Title: | Log Execution of Scripts |
Version: | 0.3.0 |
Description: | Logging of scripts suitable for clinical trials using 'Quarto' to create nice human readable logs. 'whirl' enables execution of scripts in batch, while simultaneously creating logs for the execution of each script, and providing an overview summary log of the entire batch execution. |
License: | Apache License (≥ 2) |
URL: | https://novonordisk-opensource.github.io/whirl/, https://github.com/novonordisk-opensource/whirl |
BugReports: | https://github.com/NovoNordisk-OpenSource/whirl/issues |
Depends: | R (≥ 4.1) |
Imports: | callr, cli, dplyr, jsonlite, kableExtra, knitr, purrr, quarto, R6 (≥ 2.4.0), reticulate, rlang, sessioninfo, stringr, tibble, tidyr, unglue, utils, withr, yaml, zephyr (≥ 0.1.1) |
Suggests: | ggplot2, renv, rstudioapi, testthat (≥ 3.0.0), usethis |
VignetteBuilder: | knitr |
Config/testthat/edition: | 3 |
Encoding: | UTF-8 |
RoxygenNote: | 7.3.2 |
SystemRequirements: | Quarto command line tool (<https://github.com/quarto-dev/quarto-cli>). |
NeedsCompilation: | no |
Packaged: | 2025-07-08 11:50:25 UTC; oath |
Author: | Aksel Thomsen [aut, cre], Lovemore Gakava [aut], Cervan Girard [aut], Kristian Troejelsgaard [aut], Steffen Falgreen Larsen [aut], Vladimir Obucina [aut], Michael Svingel [aut], Skander Mulder [aut], Novo Nordisk A/S [cph] |
Maintainer: | Aksel Thomsen <oath@novonordisk.com> |
Repository: | CRAN |
Date/Publication: | 2025-07-08 12:10:02 UTC |
whirl: Log Execution of Scripts
Description
Logging of scripts suitable for clinical trials using 'Quarto' to create nice human readable logs. 'whirl' enables execution of scripts in batch, while simultaneously creating logs for the execution of each script, and providing an overview summary log of the entire batch execution.
Author(s)
Maintainer: Aksel Thomsen oath@novonordisk.com
Authors:
Lovemore Gakava lvgk@novonordisk.com
Cervan Girard cgid@novonordisk.com
Kristian Troejelsgaard ktqn@novonordisk.com
Steffen Falgreen Larsen sffl@novonordisk.com
Vladimir Obucina vlob@novonordisk.com
Michael Svingel wymz@novonordisk.com
Skander Mulder sktf@novonordisk.com
Other contributors:
Novo Nordisk A/S [copyright holder]
See Also
Useful links:
Report bugs at https://github.com/NovoNordisk-OpenSource/whirl/issues
Helper function to log custom messages
Description
Useful for e.g. read and write operations on databases etc. that are not automatically captured.
Usage
log_read(file, log = Sys.getenv("WHIRL_LOG_MSG"))
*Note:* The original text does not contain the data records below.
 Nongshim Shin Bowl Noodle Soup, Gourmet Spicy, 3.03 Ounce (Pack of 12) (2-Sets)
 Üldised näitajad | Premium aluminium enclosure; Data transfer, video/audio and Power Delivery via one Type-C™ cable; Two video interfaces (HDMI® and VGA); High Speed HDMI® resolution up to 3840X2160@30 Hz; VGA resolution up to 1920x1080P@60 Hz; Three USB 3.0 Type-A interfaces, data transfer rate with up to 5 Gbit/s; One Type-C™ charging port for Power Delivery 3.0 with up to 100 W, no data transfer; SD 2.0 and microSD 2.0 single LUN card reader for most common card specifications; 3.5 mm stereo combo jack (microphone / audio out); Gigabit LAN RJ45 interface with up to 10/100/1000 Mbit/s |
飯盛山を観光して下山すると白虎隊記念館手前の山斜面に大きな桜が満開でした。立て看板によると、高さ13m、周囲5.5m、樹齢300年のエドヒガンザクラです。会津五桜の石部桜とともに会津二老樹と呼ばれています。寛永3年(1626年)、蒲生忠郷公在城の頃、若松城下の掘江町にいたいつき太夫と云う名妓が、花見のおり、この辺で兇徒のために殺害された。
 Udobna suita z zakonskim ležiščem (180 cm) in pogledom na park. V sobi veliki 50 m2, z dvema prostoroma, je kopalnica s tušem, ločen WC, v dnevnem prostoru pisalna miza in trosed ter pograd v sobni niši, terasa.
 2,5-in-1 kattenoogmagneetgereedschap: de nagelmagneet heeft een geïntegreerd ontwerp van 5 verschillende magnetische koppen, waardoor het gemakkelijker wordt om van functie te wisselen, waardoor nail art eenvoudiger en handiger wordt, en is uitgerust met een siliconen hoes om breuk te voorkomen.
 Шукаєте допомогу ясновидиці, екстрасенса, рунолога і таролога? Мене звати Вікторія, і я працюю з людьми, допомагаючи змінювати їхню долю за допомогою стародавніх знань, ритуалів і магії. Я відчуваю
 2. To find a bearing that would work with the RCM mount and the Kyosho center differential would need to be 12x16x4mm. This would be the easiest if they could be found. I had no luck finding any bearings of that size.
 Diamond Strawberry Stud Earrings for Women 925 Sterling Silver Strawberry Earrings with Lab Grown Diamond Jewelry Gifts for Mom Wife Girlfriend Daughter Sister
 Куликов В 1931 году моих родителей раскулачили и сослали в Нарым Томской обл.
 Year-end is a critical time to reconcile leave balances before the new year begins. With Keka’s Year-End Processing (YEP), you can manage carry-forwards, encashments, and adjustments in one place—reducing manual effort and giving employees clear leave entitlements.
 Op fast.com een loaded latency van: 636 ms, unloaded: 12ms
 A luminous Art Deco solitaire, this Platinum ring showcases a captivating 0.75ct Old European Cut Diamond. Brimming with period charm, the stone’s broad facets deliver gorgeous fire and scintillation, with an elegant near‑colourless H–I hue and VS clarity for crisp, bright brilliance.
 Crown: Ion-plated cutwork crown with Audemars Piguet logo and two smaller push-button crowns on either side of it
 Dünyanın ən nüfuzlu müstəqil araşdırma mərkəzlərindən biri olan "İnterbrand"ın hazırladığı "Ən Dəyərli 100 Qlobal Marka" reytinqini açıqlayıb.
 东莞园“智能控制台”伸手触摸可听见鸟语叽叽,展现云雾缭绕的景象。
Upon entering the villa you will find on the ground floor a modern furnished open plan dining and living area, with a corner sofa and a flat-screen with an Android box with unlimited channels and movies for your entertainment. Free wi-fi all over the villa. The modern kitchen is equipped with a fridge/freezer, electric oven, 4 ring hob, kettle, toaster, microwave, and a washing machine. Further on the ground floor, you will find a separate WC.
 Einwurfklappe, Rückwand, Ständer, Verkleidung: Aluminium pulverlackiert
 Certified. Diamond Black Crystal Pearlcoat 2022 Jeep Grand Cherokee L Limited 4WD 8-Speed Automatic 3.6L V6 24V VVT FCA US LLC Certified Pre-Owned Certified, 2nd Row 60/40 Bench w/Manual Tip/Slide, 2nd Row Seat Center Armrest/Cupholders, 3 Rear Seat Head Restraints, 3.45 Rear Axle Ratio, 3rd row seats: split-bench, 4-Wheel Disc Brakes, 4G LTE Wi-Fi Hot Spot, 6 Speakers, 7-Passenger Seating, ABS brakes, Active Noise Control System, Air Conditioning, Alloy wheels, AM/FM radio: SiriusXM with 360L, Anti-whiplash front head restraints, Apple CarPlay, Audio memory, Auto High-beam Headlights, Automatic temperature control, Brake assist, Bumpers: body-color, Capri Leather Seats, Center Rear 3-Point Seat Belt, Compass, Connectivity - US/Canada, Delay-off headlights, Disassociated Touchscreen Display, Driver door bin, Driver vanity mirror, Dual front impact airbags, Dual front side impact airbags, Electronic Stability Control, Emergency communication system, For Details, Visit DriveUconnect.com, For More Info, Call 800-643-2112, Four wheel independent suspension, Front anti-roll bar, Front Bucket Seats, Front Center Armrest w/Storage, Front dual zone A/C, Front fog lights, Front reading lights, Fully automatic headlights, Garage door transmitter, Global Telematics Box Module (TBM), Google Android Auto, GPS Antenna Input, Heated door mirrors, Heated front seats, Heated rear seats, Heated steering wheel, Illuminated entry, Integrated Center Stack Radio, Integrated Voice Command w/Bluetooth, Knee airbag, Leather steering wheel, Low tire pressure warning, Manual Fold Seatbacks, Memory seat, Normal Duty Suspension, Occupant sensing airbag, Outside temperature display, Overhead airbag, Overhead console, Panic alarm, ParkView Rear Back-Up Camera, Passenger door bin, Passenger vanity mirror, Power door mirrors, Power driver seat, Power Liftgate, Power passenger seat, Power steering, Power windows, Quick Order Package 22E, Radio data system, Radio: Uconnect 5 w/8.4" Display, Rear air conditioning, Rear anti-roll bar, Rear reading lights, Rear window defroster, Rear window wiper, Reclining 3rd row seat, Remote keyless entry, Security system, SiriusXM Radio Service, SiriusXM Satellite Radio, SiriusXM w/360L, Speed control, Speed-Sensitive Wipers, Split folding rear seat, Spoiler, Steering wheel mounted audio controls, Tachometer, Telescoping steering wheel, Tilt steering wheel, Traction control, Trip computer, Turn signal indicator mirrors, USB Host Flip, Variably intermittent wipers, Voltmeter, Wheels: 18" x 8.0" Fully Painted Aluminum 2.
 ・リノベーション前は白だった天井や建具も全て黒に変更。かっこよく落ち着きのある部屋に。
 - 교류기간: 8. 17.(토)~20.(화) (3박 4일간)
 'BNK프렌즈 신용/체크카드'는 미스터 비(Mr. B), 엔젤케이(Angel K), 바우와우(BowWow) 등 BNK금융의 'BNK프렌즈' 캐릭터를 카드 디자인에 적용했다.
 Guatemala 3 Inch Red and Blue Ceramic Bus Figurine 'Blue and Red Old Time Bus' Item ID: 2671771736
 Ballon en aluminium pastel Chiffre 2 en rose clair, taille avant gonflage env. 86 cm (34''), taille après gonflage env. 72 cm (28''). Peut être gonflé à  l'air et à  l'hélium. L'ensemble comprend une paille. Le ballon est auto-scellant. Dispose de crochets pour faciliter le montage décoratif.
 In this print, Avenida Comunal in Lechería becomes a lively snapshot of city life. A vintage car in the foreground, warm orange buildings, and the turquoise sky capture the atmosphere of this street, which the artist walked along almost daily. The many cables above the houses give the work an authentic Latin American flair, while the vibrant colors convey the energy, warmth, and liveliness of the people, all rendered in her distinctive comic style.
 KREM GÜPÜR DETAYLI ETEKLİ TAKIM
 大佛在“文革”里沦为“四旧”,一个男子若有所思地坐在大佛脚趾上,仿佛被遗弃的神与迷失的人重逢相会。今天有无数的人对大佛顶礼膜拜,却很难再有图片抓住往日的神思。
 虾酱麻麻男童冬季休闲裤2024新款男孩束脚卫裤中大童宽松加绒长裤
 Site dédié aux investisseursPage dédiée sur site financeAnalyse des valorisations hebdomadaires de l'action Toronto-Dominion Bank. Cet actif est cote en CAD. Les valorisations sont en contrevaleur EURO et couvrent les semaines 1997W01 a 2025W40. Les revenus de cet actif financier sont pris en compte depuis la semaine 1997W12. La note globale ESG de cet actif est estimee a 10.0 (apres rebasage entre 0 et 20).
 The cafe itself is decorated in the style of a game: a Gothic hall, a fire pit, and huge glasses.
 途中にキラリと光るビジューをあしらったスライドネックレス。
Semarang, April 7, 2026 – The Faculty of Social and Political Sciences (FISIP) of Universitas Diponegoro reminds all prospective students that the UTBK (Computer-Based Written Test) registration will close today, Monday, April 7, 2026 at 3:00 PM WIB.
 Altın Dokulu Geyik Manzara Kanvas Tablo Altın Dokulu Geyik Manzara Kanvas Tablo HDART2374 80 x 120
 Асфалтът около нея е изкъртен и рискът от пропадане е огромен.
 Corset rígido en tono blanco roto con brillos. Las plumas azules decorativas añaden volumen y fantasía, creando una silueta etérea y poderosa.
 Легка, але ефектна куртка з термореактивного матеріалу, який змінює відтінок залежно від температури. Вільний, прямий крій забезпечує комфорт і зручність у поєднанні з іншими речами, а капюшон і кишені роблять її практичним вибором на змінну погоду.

log_write(file, log = Sys.getenv("WHIRL_LOG_MSG"))
log_delete(file, log = Sys.getenv("WHIRL_LOG_MSG"))
Arguments
file |
|
log |
|
Details
The default environment variable WHIRL_LOG_MSG
is set in the session used
to log scripts, and input is automatically captured in the resulting log.
If run outside of whirl, meaning when the above environment variable is
unset, the operations are streamed to stdout()
. By default the console.
Examples
# Stream logs to console since `WHIRL_LOG_MSG` is not set:
log_read("my/folder/input.txt")
log_write("my/folder/output.txt")
log_delete("my/folder/old_output.txt")
Execute single or multiple R, R Markdown, and Quarto scripts
Description
Executes and logs the execution of the scripts. Logs for each script are stored in the same folder as the script.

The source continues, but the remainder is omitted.